Overview
TD Bank is a major Canadian financial institution delivering banking, lending, and enterprise technology services across multiple lines of business. As a Data Engineer Intern on the AI Platform team, I worked on production-grade AI data infrastructure supporting document ingestion, embedding generation, RAG retrieval, model endpoint migration, Azure resource management, monitoring, and greenfield AI system design.
Work
- Maintained a production-grade AI ETL pipeline on Azure spanning Azure SQL, Data Lake Storage, Azure Machine Learning, Azure Databricks, and Azure OpenAI.
- Supported ingestion cycles processing 2,500–3,000 unstructured documents, including HTML, PDF, and SharePoint content, across multiple lines of business with distinct business rules and processing configurations.
- Configured and validated ingestion workflows by adjusting pipeline endpoints, verifying chunk-level embedding quality, and executing end-to-end data loads into Azure SQL after each deployment.
- Deployed an enterprise-developed embedding model across the RAG query engine and ingestion pipeline, replacing the Azure OpenAI embedding endpoint.
- Improved retrieval accuracy from 95% to 98% while reducing provisioned throughput from 285 PTUs to 150 PTUs through embedding model migration and infrastructure optimization.

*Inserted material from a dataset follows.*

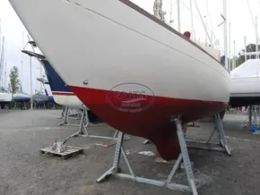 Voilier en polyester lourd avec pont sandwich Airex, quille profonde et safran suspendu, réputé pour sa solidité, son confort et ses performances au près.

- Executed model endpoint migrations using GitHub Actions CI/CD pipelines and manual VM deployments, selecting the appropriate rollout method based on release state to maintain zero-downtime data ingestion across environments.
- Managed Azure OpenAI PTU and TPM allocation by right-sizing provisioned throughput quotas, optimizing cost-latency tradeoffs, rolling out updated language models, and configuring spillover rules to maintain stability under variable production workloads.
- Built Datadog monitoring dashboards and observability panels across DEV/SIT, PAT, and PROD environments.
- Wrote custom Datadog queries against Azure OpenAI, SQL Database, and VM telemetry to monitor token usage, latency, rate limits, embedding-model memory utilization, SQL DTU consumption, storage availability, ETL defect alerts, service logs, Application Gateway traffic, and VM I/O metrics.
- Established the team's primary source for pipeline health monitoring and incident triage through centralized observability dashboards.
- Designed and configured full infrastructure for a greenfield AI project, defining component topology, connectivity, and resource provisioning from scratch.
- Authored architecture blueprints documenting each component's attributes, dependencies, and deployment requirements to support reproducible infrastructure setup and stakeholder handoffs.
- Placed 2nd out of 19 teams at the TD x Google Gemini Hackathon by designing an agentic multimodal AI copilot using Gemini.
- Built a hackathon prototype that classifies mortgage documents, extracts key data, and performs cross-document reasoning to detect income discrepancies.
- Proposed a workflow reducing conditions review time from 1–2 weeks to under 2 minutes per file across an estimated 1,200 daily renewal files, earning an invitation to pitch to TD's CIO, SVPs, and product owners for potential production deployment.
Stack
Azure SQL, Azure Data Lake Storage, Azure Machine Learning, Azure Databricks, Azure OpenAI, Azure VMs, Application Gateway, Datadog, GitHub Actions, CI/CD, RAG, embedding models, LLMOps, Azure PTU and TPM management, document ingestion, Gemini, multimodal AI agents.